Climate Change (nee Global Warming) Strkes Again!!

by slipnslidemaster 108 Replies latest jw friends

  • slipnslidemaster
    slipnslidemaster

    @Sixy: I'm just saying that his comment was very neutral. People DO seem to get weather and climate confused on either side of the argument.

  • villabolo
    villabolo

    Slipandfall: Global Warming predicted an increase in precipitation due to the fact that the Oceans are getting warmer. That precipitation could be either rain or snow. Snow?, you may say. Well the average temperature increase GLOBALLY is about 2 degrees from the 1900's. Assuming, for the sake of simplicity, that the average applied to a location that used to average 25 degrees at this time of year doing the math will get you 25 + 2 degrees. That is still enough to generate snow.

    So please don't confuse amount of snow with mere temperature. In Alaska, for instance, the branches of trees were snapping because they were not used to the wet warm snow they started getting recently which is heavier than the colder drier snow they used to get. Eventually, an intense Global Warming scenario will get to the point where there is no subfreezing weather at all in the Continental United States but that is decades or a century or two away. That assuming business as usual or a tipping point in the Siberian permafrost.

    villabolo

  • BurnTheShips
    BurnTheShips

    Don't we have any greenhouse effect/anthropogenic global warming experts here that can tell us what proportion of the CO2 dumped into the atmosphere globally is human caused? After all, it has been basic science since, like, 6of9 was, like, abortable 'n stuff.

    BTS

  • besty
    besty

    a brief excursion in the direction of wikipedia clarifies the difference between climate change and global warming, making the title of the thread erm....uninformed....

  • SixofNine
    SixofNine
    Inquiring minds want to know.

    Indeed they do. Devious, political minds want to avoid the very simple, straightforward question I posed.

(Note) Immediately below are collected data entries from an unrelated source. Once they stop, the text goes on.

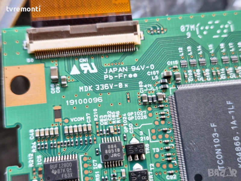 T-CON MDK336V-0n 19100096 за 32-инчов телевизор PANASONIC Модел TX-32LZD80F , с дисплей AX080F014A. Платката е използвана, но гарантирано работеща, демонтирана от телевизор със счупен дисплей. Тествана е от нашия техник.
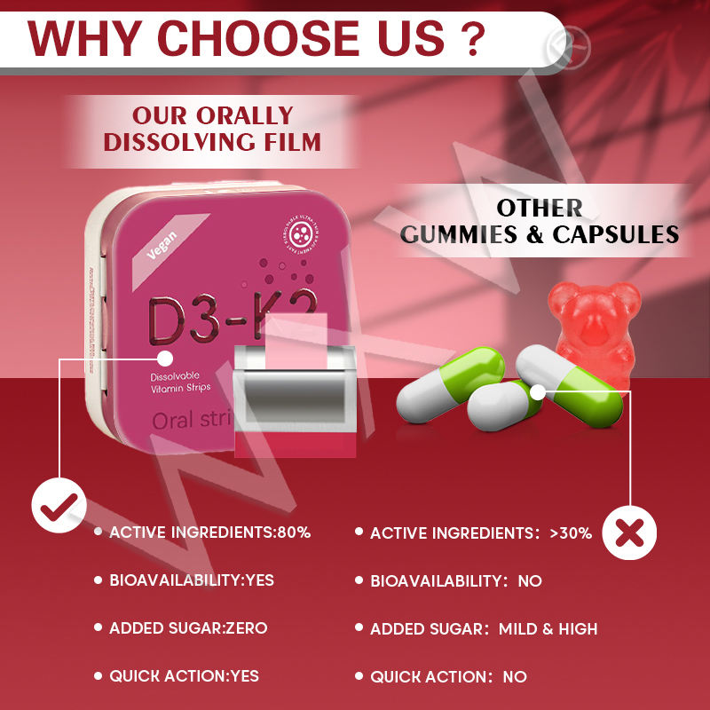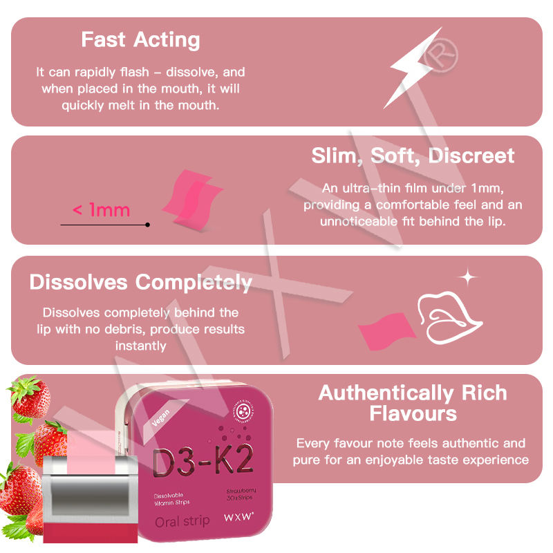 แผ่นฟิล์มบาง K2 D3วิตามินปราศจากน้ำตาลปรุงแต่งรสสตรอเบอร์รี่ K2ฟิล์มบำรุง D3ธรรมชาติ
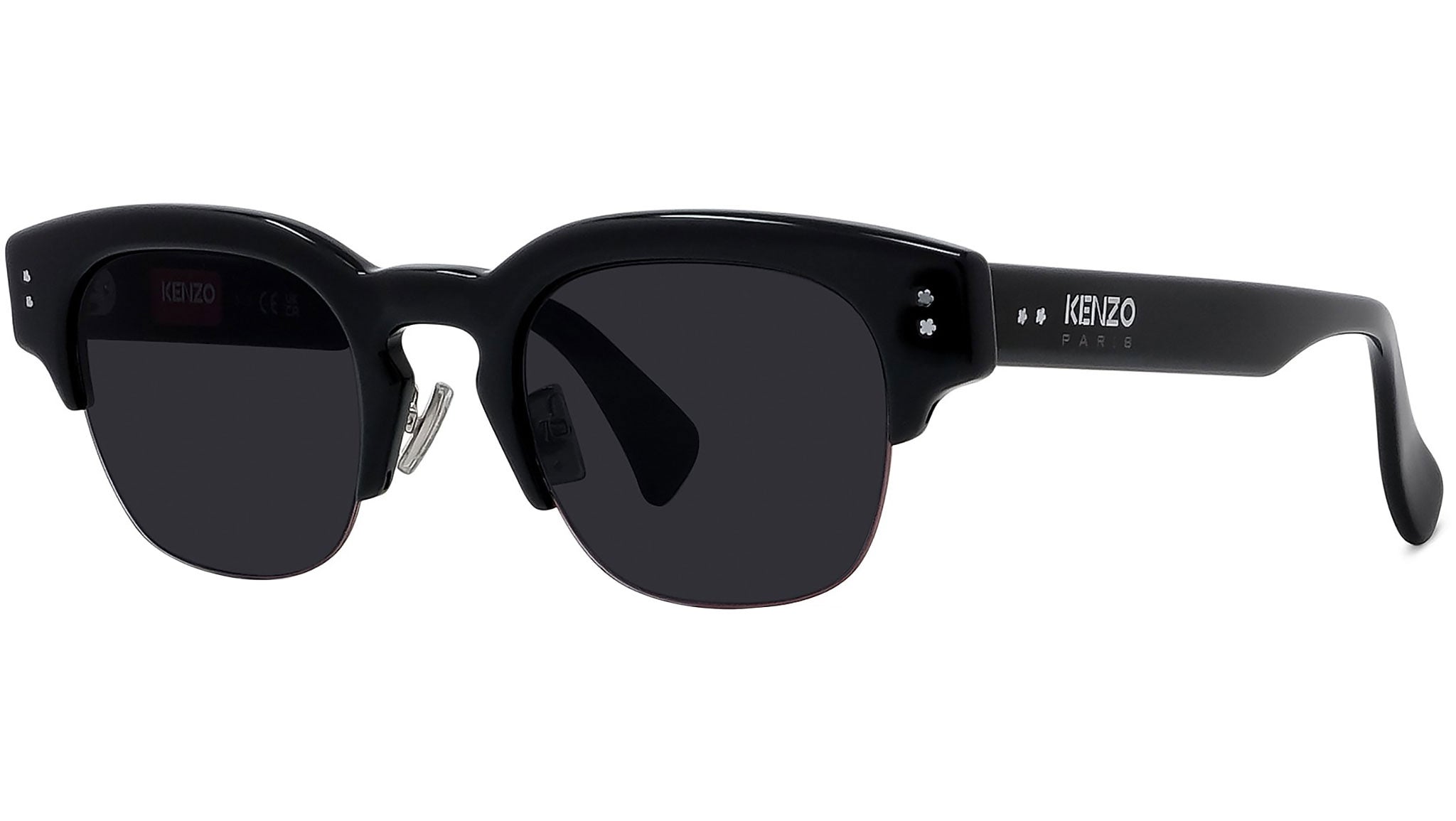 Occhiali da sole KENZO uomo linea Boke Flower modello KZ40179U 01A nero. Una nuova montatura elegante, ispirata al vintage, arricchita da fiori boke sulla parte frontale e sulle tempie, una placca in metallo interna con logo e speciali grip alle estremità. Una costruzione unica con filo di nylon colorato. Modello presentato durante la sfilata estate 2024. Rivenditore autorizzato KENZO online. Gli occhiali vengono consegnati con custodia e accessori originali.

    But for the inquiring minds on the forum:


    Nature emits about 210 Gigatons of carbon per year into the air, and absorbs 213.8 gigatons of carbon per year from the air.

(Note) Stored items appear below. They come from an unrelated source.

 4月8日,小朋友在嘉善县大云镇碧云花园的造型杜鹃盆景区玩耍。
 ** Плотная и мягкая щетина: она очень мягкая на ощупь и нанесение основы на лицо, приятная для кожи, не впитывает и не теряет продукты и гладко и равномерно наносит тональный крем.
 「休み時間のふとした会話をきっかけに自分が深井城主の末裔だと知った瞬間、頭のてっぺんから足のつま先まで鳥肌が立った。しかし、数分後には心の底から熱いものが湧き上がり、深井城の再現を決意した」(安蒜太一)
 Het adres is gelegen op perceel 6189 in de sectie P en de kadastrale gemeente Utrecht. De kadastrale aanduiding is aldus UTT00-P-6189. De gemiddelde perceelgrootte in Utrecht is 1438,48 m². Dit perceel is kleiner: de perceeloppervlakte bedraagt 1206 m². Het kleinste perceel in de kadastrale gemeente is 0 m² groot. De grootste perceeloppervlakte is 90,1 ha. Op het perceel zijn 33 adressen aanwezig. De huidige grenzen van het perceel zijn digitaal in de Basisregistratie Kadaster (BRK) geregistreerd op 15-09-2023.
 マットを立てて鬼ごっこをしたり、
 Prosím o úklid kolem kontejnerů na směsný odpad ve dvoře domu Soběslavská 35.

    Humans emit 7.1 gigatons of carbon into the air every year, and we absorb zero from the air.


    Notice, from the answer, what BTS devious, political mind has done by asking that question; he's equated two very different things. Same substance, C02, but very different context. Nature has an emit/absorb cycle. Industrialized humans have an emit/emit-some-more cycle. IOW, even if the answer was only 1%, in 10 years, the answer is 10% (btw, the answer is really around 3% per year).

    Put another way, the answer is 100% of the C02 "put" (ie: outside of nature) into the atmosphere is anthropogenic.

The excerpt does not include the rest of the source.